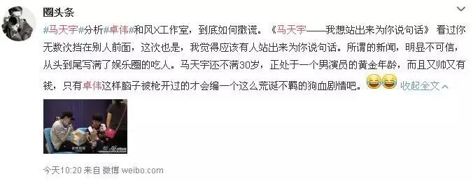 沉默一周后,马天宇昨天微博回应此事无中生有。
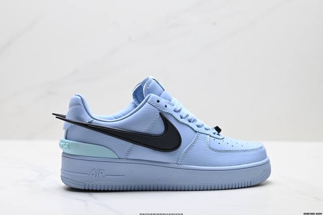 Authentic Ambush X Nike Air Force 7 Low Collaboration Low-Top Casual Sneakers. The shoe features a solid-color leather upper and lining, with the iconic oversized Swoosh prominently displayed. The tongue tag also features the Nike logo. The laces have unique buckle designs, and the heel incorporates a TPU design. Style Code: Dv3464-500. ID: Dhd -Dzh.
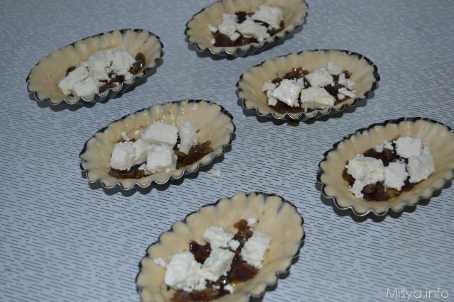 Adagiate sulla base delle tortine uno strato di cipolle Poi aggiungere un po' di feta sbriciolata
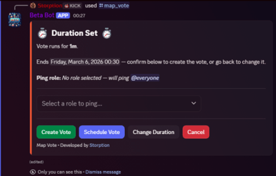 Scheduled votes — Queue a vote to start automatically at a set time. Schedules survive bot restarts, so nothing gets lost if the bot goes down.
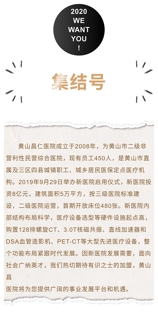 黃山昌仁醫(yī)院2018年度招聘公告...

§ **Exercise prompt**
Reproduce the material above in full and without alteration, but skip all pictures.

§ **Solution**
 沉默一周后,马天宇昨天微博回应此事无中生有。
 Authentic Ambush X Nike Air Force 7 Low Collaboration Low-Top Casual Sneakers. The shoe features a solid-color leather upper and lining, with the iconic oversized Swoosh prominently displayed. The tongue tag also features the Nike logo. The laces have unique buckle designs, and the heel incorporates a TPU design. Style Code: Dv3464-500. ID: Dhd -Dzh.
 Adagiate sulla base delle tortine uno strato di cipolle Poi aggiungere un po' di feta sbriciolata
 Scheduled votes — Queue a vote to start automatically at a set time. Schedules survive bot restarts, so nothing gets lost if the bot goes down.
 黃山昌仁醫(yī)院2018年度招聘公告...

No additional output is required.